The Times West Virginian

Opinion

November 8, 2009

$100M budget deficit not so alarming

While national economic experts predict that this country is coming out of The Great Recession, we all know there will be aftershocks for fiscal years to come.

And while West Virginia has fared better than most states when it comes to budget deficits, administration cutbacks and unemployment, it was bound to happen that the state would see some kind of effect from the worst economic storm the nation has seen in decades.

And it appears that has come in the form of a $100 million shortfall by the start of the 2010 fiscal year.

This has led to a “cautious but not alarmed” attitude within the Manchin administration, top officials have told newspapers across the state once the budget shortfall was announced.

And there are obvious reasons to be “cautious.”

The biggest hits the state has faced in revenue collection is personal income and sales taxes. Those numbers aren’t the kind that magically return to normal overnight. Consumer spending is certainly down, and even though West Virginia’s unemployment levels are way below the national average, the 3.3 percent job loss has still been an issue in the Mountain State — a bigger number than the 2 percent projected.
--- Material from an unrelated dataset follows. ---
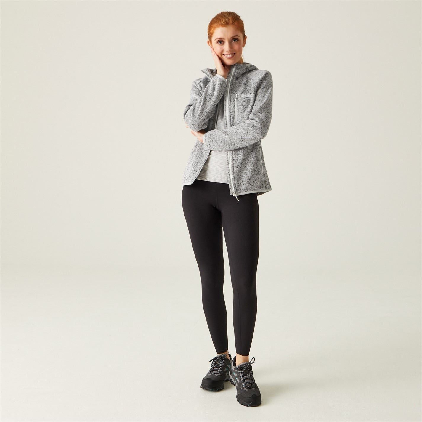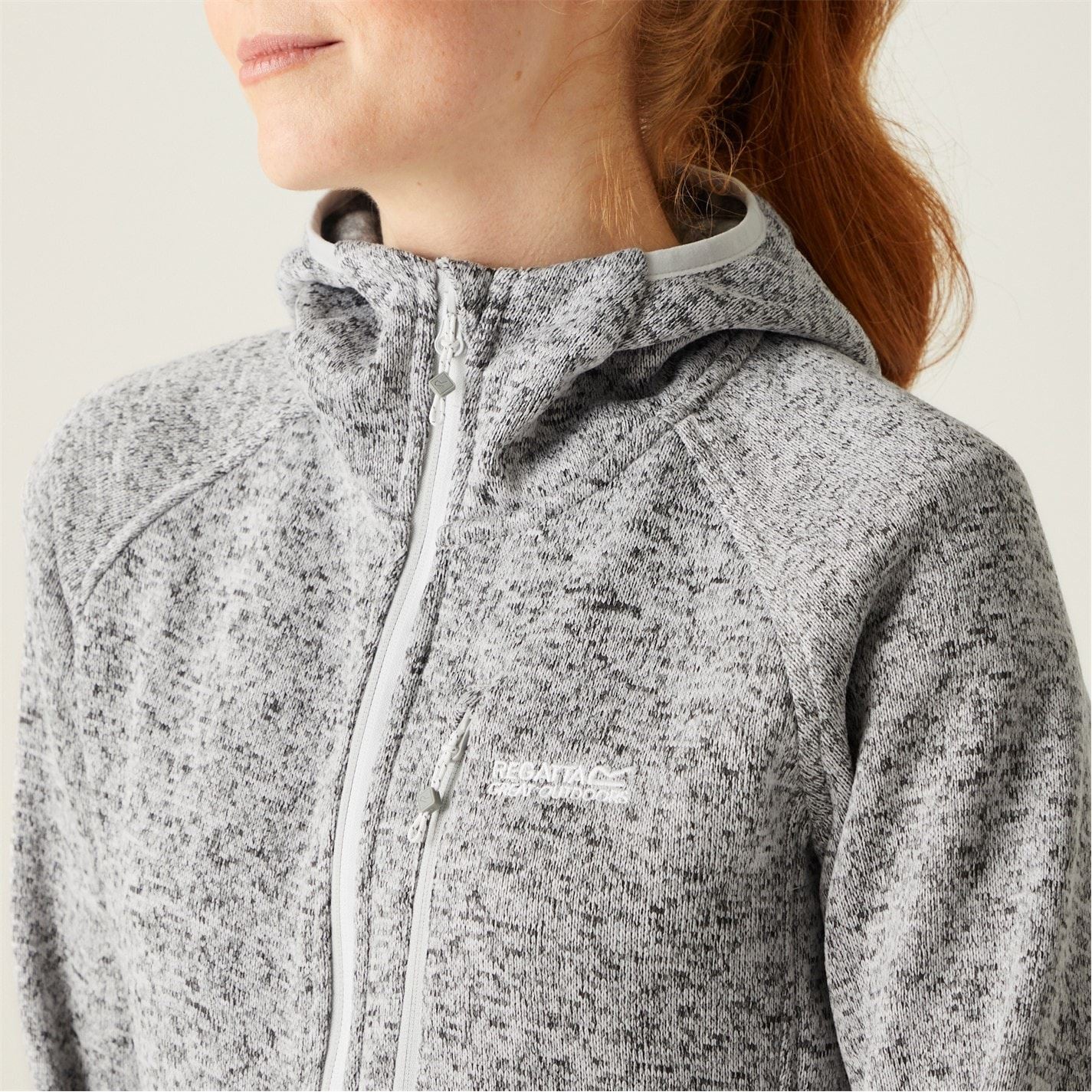 Soft, warm and outdoor-ready, our Hooded Newhill women's fleece is ideal for hikes or strolls. Crafted from marl brushed-back knit-effect fabric, it provides cosy comfort. A grown-on hood, stretch binding and multiple zipped pockets offer practicality and a secure fit.
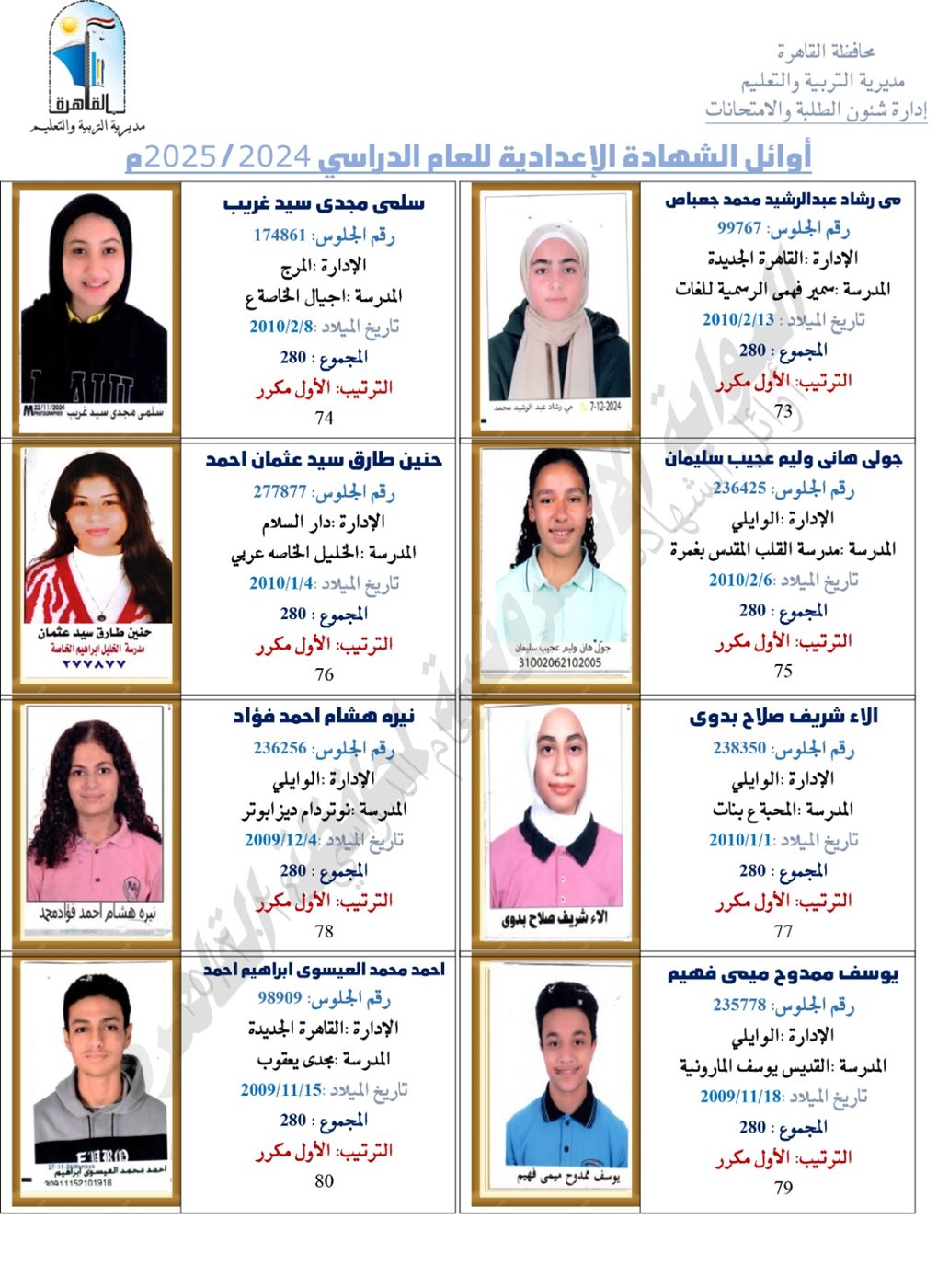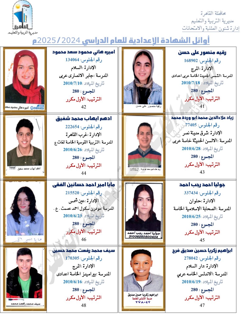 وكان محافظ القاهرة قد اعتمد نتيجة امتحانات الفصل الدراسي الثاني لشهادة إتمام التعليم الأساسى ( الشهادة الإعدادية) للعام الدراسي 2024- 2025بنسبة نجاح 77% ، حيث بلغ عدد المتقدمين ١٩٩٥٨٧ للامتحان طالب وطالبة حضر منهم ١٩٣٨٣٥ طالب وطالبة ونجح ١٤٩٢٥٧.

Interest rates are still hurting the state as well, and the federal reserve has yet to increase rates to what state officials had projected. Severance taxes were also down by 35 percent.
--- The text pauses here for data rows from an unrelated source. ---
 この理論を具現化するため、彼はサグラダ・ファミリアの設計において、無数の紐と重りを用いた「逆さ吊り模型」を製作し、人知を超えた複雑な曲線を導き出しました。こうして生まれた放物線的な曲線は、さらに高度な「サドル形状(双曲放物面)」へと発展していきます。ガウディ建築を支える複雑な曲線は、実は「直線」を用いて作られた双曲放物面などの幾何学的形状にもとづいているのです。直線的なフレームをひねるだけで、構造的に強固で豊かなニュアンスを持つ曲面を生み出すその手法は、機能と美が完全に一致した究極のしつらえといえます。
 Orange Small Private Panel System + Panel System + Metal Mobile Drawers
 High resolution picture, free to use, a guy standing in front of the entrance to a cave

But there are even more reasons why the state should focus on “not alarmed,” even with a projected $100 million budget shortfall.

Even with the economy at its worst, West Virginia ended last fiscal year with a budget surplus of $68 million. While much of that is the result of fiscal conservatism and some cutbacks, the financial plan through the worst of the storm seemed to work for this state. The Manchin administration was cautious during the “fat” times to prepare for the “lean” times.